Karen Lomas
July 5, 2017

Should you accept an internship?

I have been asked by parents and students, “should you accept an internship?” many times over the past few years.

Internships are being used as training grounds by many organisations, and many young adults and their parents are concerned about the fairness of these schemes.

The reality is that internships are a fact of working life for many students and anyone in career transition.

Educators are trying everything they can to make their graduates employable, which is why they are building internships into their courses and offering credits for those placements. It means that the institution can claim to have given students “hands-on” exposure to work.

From the point of view of organisations, to offer internships is also a way for them to ‘grab’ the best students and graduates, and then once they know what the intern is like, they might offer the young person a more secure position, as maybe a Graduate Trainee.

According to interns interviewed by Ann Arnold, for ABC Radio’s program, Best Practice, an internship can be “great” and “life changing”, but they’re not always fair and may not lead to paid employment. Advocates for interns argue that nobody should do unpaid internships, and they are lobbying for change. However, the risk of this is that employers may then not offer any such placements. This could change should governments offer employers subsidies in order to support the system. But as things stand, students and graduates are stuck with having to negotiate.
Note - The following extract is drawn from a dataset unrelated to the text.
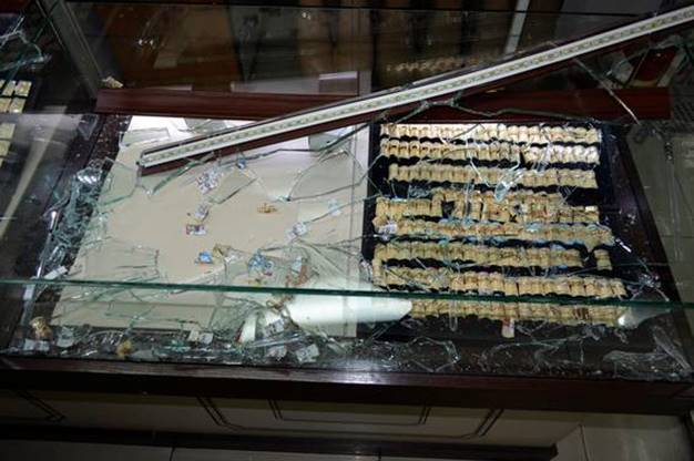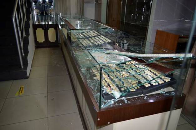 Збройні люди увійшли в ТЦ, розбили вітрини і витягли лотки, в яких знаходилися прикраси із золота.
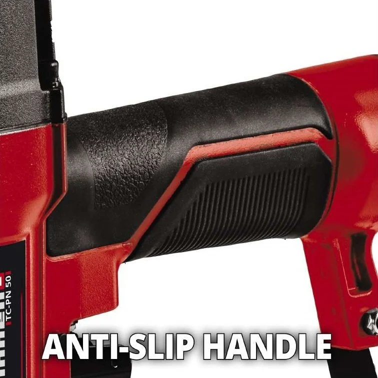 Степлер пневматичний TC-PN 50 4137790. За допомогою нового пневматичного степлера Einhell TC-PN 50, Ви можете виконувати зшивання та прибивання різних матеріалів без зусиль швидко та скрізь, де це Вам необхідно: чи то в будинку, чи на дачі. Завдяки наявності в комплекті постачання скоб та цвяхів, він готовий до негайного використання. Корпус із литого алюмінію та високоякісні компоненти забезпечують тривалий термін служби пневматичного степлера Einhell TC-PN 50. Індикатор рівня завантаження інформує про залишок скоб або цвяхів у корпусі степлера.

So internships benefit higher education providers and employers, but what is in in for you or your young adult? I speak from experience when I say that internships can and do open doors. But your young adult student/graduate needs to be careful. When they approach an organisation for an internship, they need to:

  • do their homework – look at the organisation’s website, vacancies list, “About” page, history, their people, values, client base
  • find out what the duties will be
  • who will their hands-on support/supervisor be
  • how long the internship will last
  • whether there is any compensation, hourly pay if any, travel costs
  • what hours and days they are expected to work
  • what requirements there may be in terms of dress-code
  • will they be able to obtain a reference at the end of the internship
  • what possibility for employment exists at the end of the internship, such as Graduate Programs
  • ask the interviewer what they like about the organisation/how they came to be working there

Without doing such checks some employers can and do take advantage.  A very respected organisation was “cheeky” with a client of mine and kept moving the goal-posts. An employee left the company, and my client was given that paid person’s duties and responsibilites for no pay, was asked to do more days unpaid. This is when you need to use some negotiation skills -and that’s for another blog!

So, should you accept an internship? Yes, if you, your son or daugher has done the necessary due diligence. Internships are here to stay. I even did one in my 40s and it was well worth it.